== Assignment ==
A verbatim copy is needed of the lines below from the one containing "Lord Krishna Playing" up to and including the one containing "in Arizona spring", excluding pictures.

== Task material ==

== Segment start ==

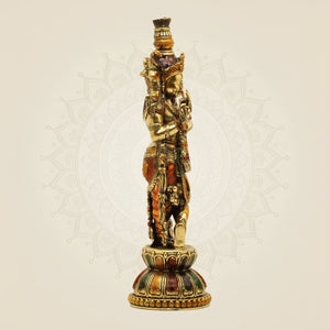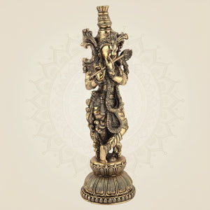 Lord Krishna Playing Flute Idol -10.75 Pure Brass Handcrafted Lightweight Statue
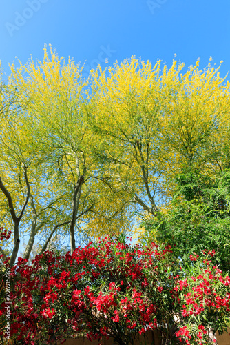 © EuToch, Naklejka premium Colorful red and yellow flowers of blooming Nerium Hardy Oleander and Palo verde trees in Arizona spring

== Segment end ==
== Segment start ==

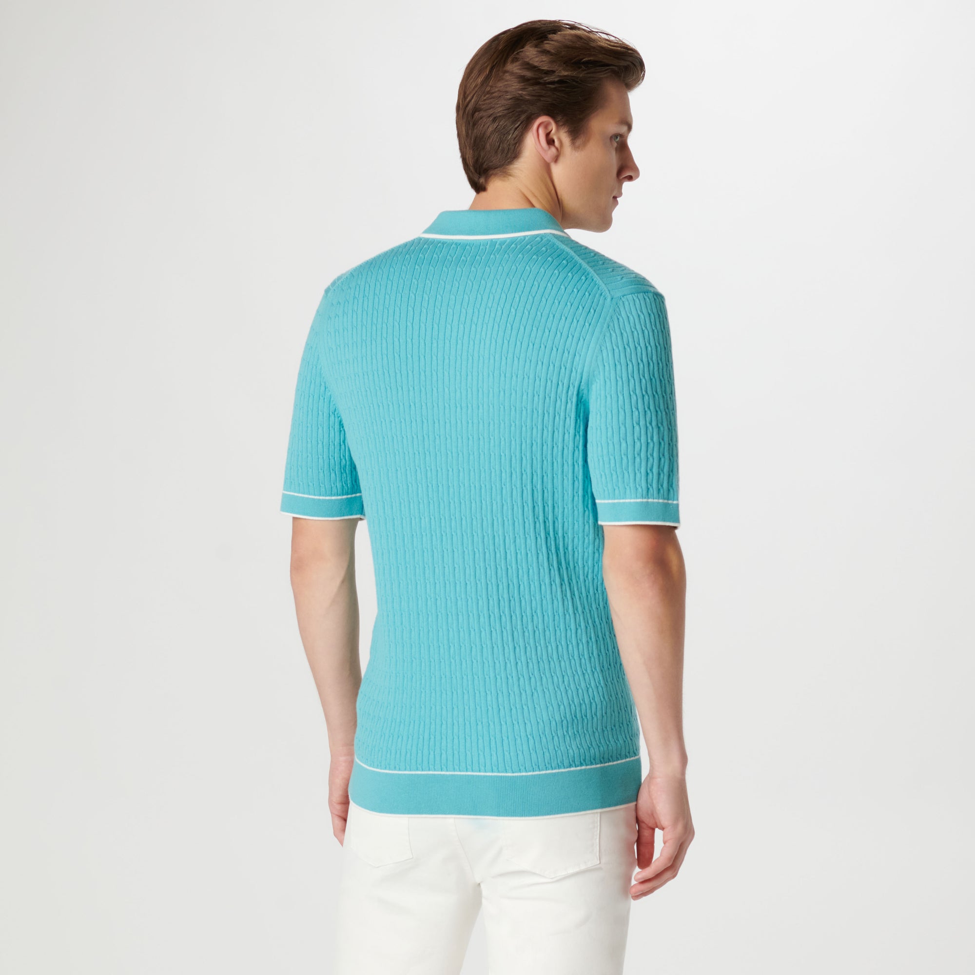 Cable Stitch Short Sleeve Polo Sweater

== Segment end ==

== Your response ==
 Lord Krishna Playing Flute Idol -10.75 Pure Brass Handcrafted Lightweight Statue
 © EuToch, Naklejka premium Colorful red and yellow flowers of blooming Nerium Hardy Oleander and Palo verde trees in Arizona spring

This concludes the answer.